July 9 (Bloomberg) -- Deutsche Annington Immobilien SE, Germany’s largest residential landlord, is going ahead with an initial public offering that would raise about half the amount originally planned a week after postponing the sale.
Deutsche Annington, controlled by Guy Hands’s Terra Firma Capital Partners Ltd., plans to raise as much as 592.4 million euros ($763 million), the company said in a statement today. It had previously sought 1.1 billion euros.
“While the implementation of our operating strategy continues well on track, a successful IPO enables us to accelerate the diversification of our funding,” Chief Executive Officer Rolf Buch said in the statement.
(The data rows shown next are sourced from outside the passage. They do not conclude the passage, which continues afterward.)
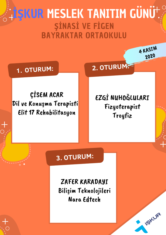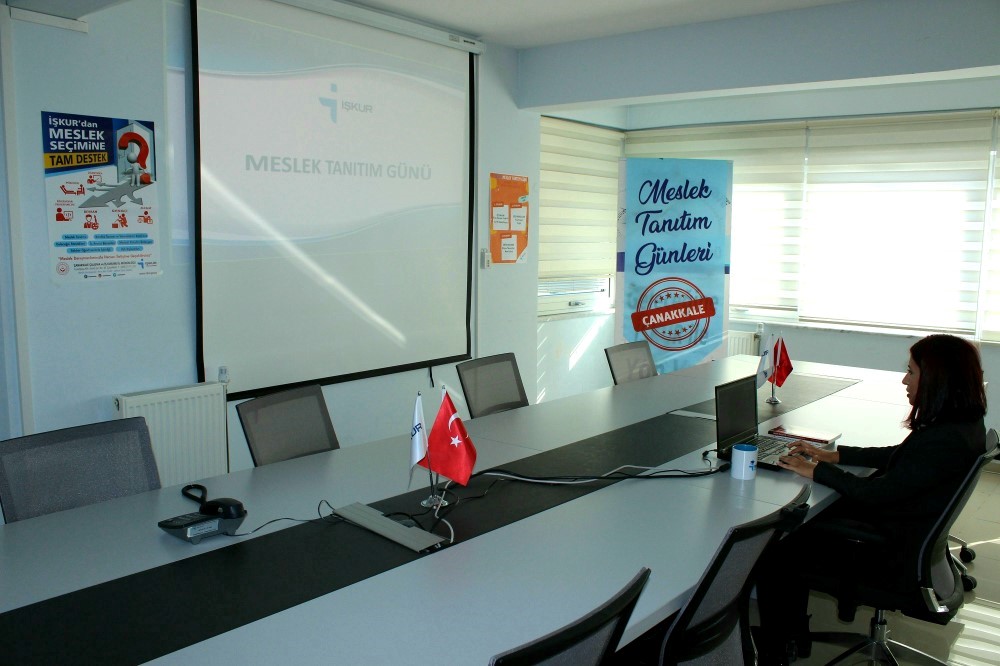 Çanakkale Çalışma ve İş Kurumu İl Müdürlüğünün "İŞKUR Meslek Tanıtım Günü" etkinliği, bu yıl Şinasi ve Figen Bayraktar Ortaokulu 8. sınıfında okuyan 66 öğrencinin katılımıyla Covid-19 salgını nedeniyle dijital ortamda düzenlendi.
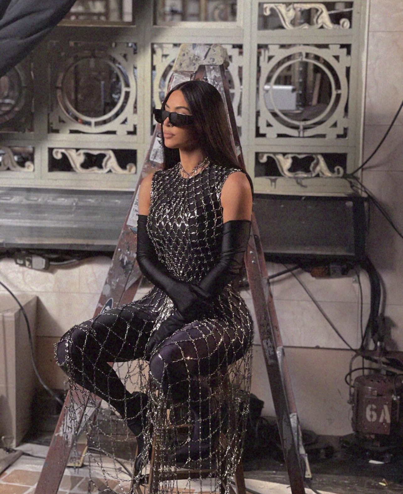 Kim Kardashian wore a Balenciaga Spring 2021 RTW look which included a black pantashoe jumpsuit with a chain dress overlay. Kim also wore black sunglasses straight from the look as well. Finishing the ensemble, she opted for black gloves by Balenciaga as well.
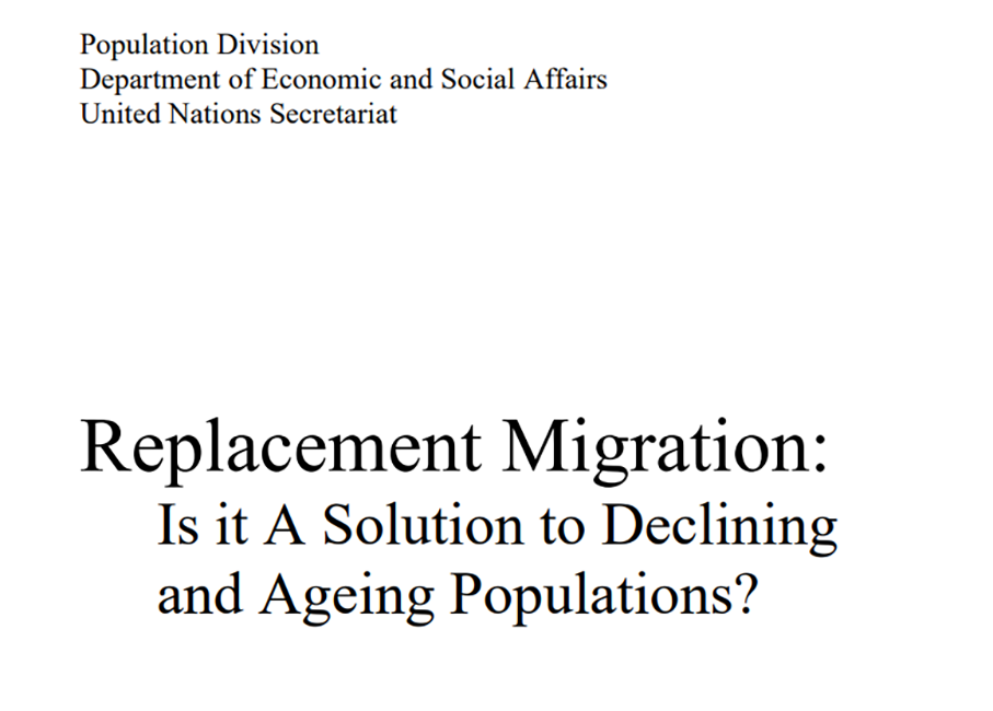 It may come as a surprise then that the concept of population replacement did not originate with Camus and that in March 2000, the Population Division of the United Nations Secretariat published a report entitled Replacement Migration: Is it a Solution to Declining and Aging Populations?
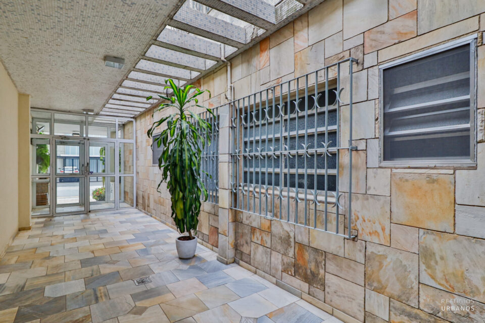 Ao mesmo tempo, o Arinne preserva detalhes originais no hall de entrada, com elementos artísticos e acabamentos que valorizam o design modernista. Por isso, tornou-se um verdadeiro queridinho da região para quem busca apartamento com arquitetura autoral, personalidade e charme atemporal.
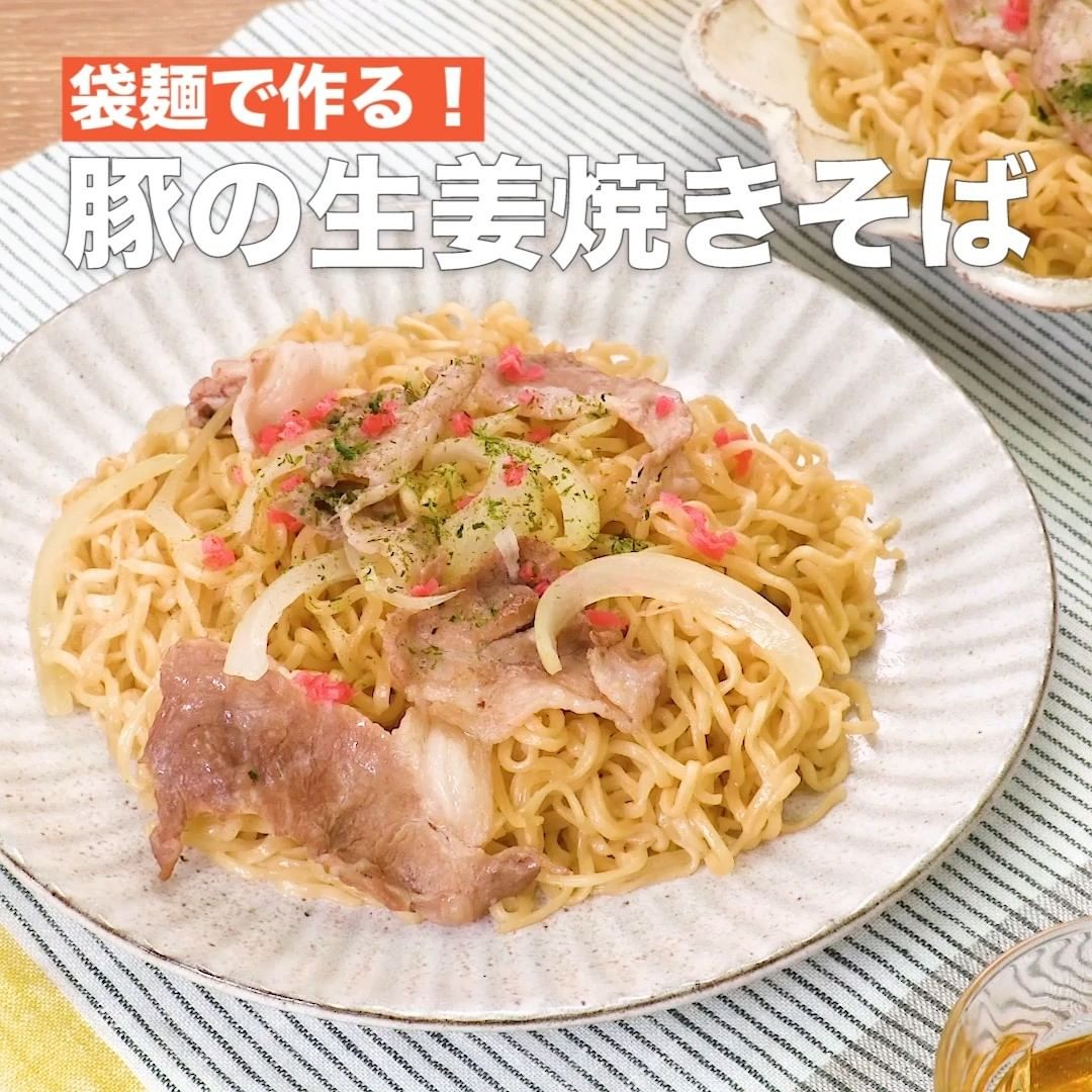 ④<袋麺で作る!豚の生姜焼きそば>
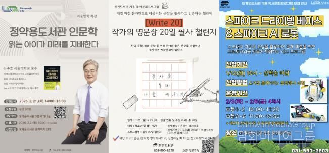 행사는 겨울 독서문화프로그램을 중심으로 △정약용 인문학 특강 △저자 강연 △시민 참여형 체험행사 등이 포함된다.
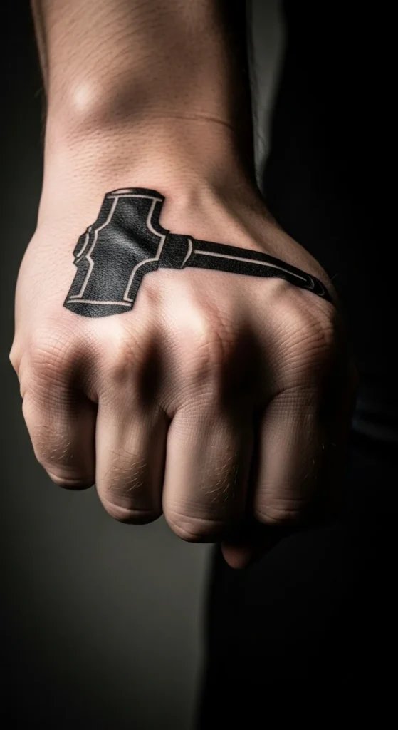Mjölnir fits well on the fist. Thick blackwork holds up longer and looks strong.
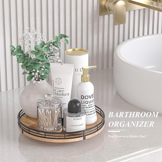- PREMIUM MATERIAL: Our farmhouse lazy Susan organizer is made of natural solid oak wood and strong metal, sturdy, durable and premium quality. This wooden turntable organizer is a game-changer for keeping your kitchen organized. The farmhouse oak finish gives it a rustic, charming look that will fit perfectly with your kitchen decor.
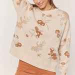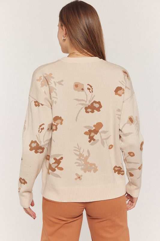 Bring joy to your wardrobe with this Fun With Floral Jacquard Sweater. Featuring an all-over floral print and a relaxed fit, it offers both comfort and vibrant style. Perfect for brightening up any casual day with a playful touch.
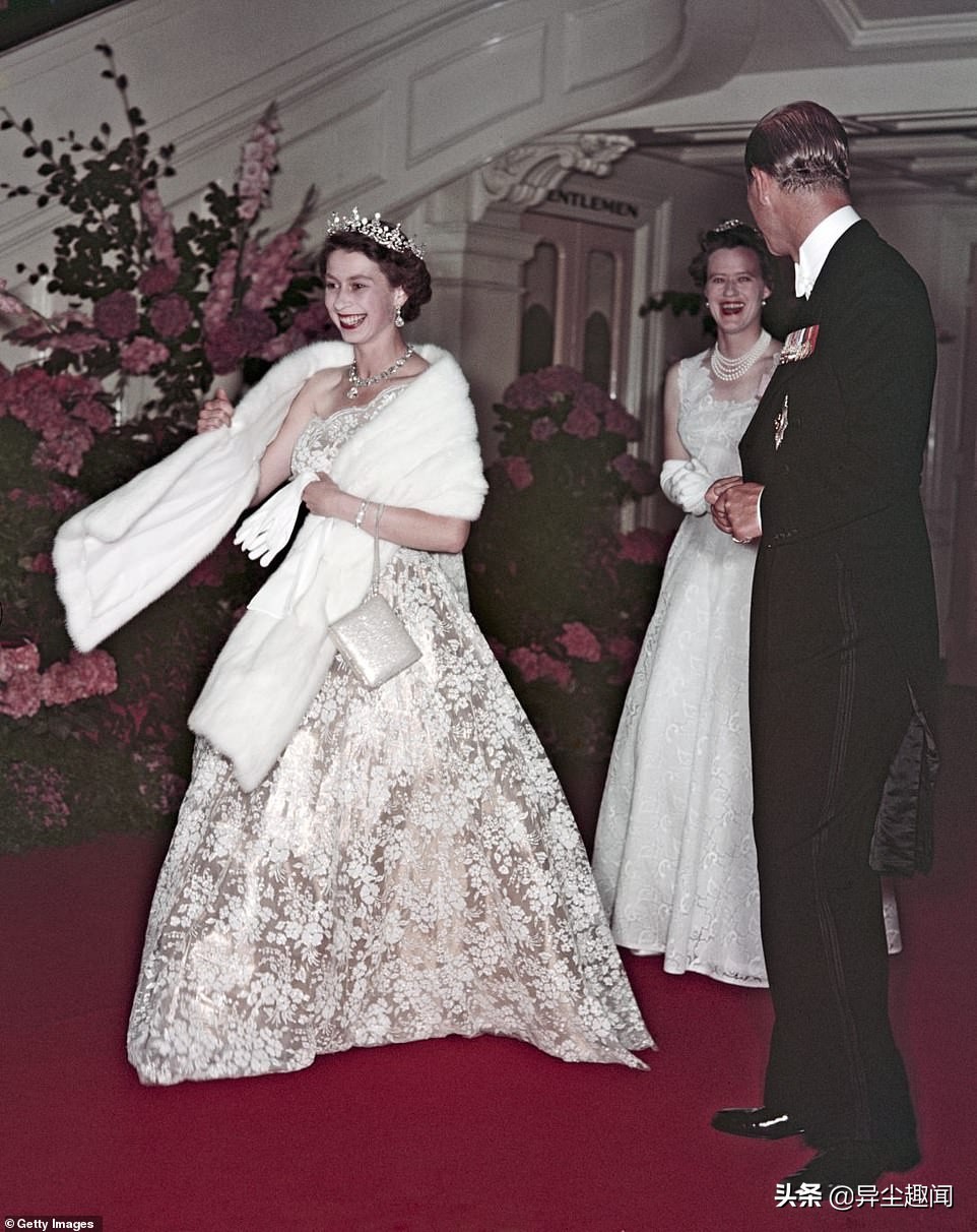 12.在 1954 年英联邦访问澳大利亚期间举行的宴会上,菲利普亲王的一个著名俏皮话似乎分散了女王和另一位客人的注意力,女王抓住了她掉落的披肩,同时闪烁着灿烂的笑容。

Deutsche Annington, based in Bochum, postponed its IPO on July 2, citing adverse market conditions. The initial attempt failed because demand wasn’t strong enough, people familiar with the matter said at the time. The banks managing the revived deal, including JPMorgan Chase & Co. and Morgan Stanley, have enough demand for all the shares being offered, a person with knowledge of the matter said. The person asked not to be identified because the information is private.
“The pricing is now at a reasonable range and relatively more attractive than the peer group previously,” said Peter Papadakos, an analyst at Green Street Advisors in London.
The shares will be offered for 16.50 euros to 17 euros, Deutsche Annington said, compared with as much as 21 euros in the original range. The company aims to raise 412.1 million euros from the sale of new shares, 103 million euros from a secondary offering of shares and another 77.3 million in an overallotment, according to the statement.
While the size of the secondary offering has been reduced, Deutsche Annington is selling more new shares than planned. As a result, existing investors will see a greater dilution of their stakes, Papadakos said. The selling shareholders are offering 10.6 million shares, according to today’s statement. They originally planned to sell as many as 34.8 million.
Deutsche Annington would be the second German property company to list its shares this year. LEG Immobilien AG, a Dusseldorf-based competitor, raised about 1.3 billion euros in stock sale in February that was the largest in Germany’s real estate industry. The shares have since dropped by about 10.5 percent.
Deutsche Annington said 15.5 percent of the shares will be freely traded after the IPO, assuming investors buy all the stock available in the overallotment option.
The sale will be run through an accelerated bookbuilding process, Deutsche Annington said. The shares would begin trading July 11, the company said.
Deutsche Annington owns about 180,000 German apartments and has about 2,400 employees, according to its website. Terra Firma is a private-equity firm based in London.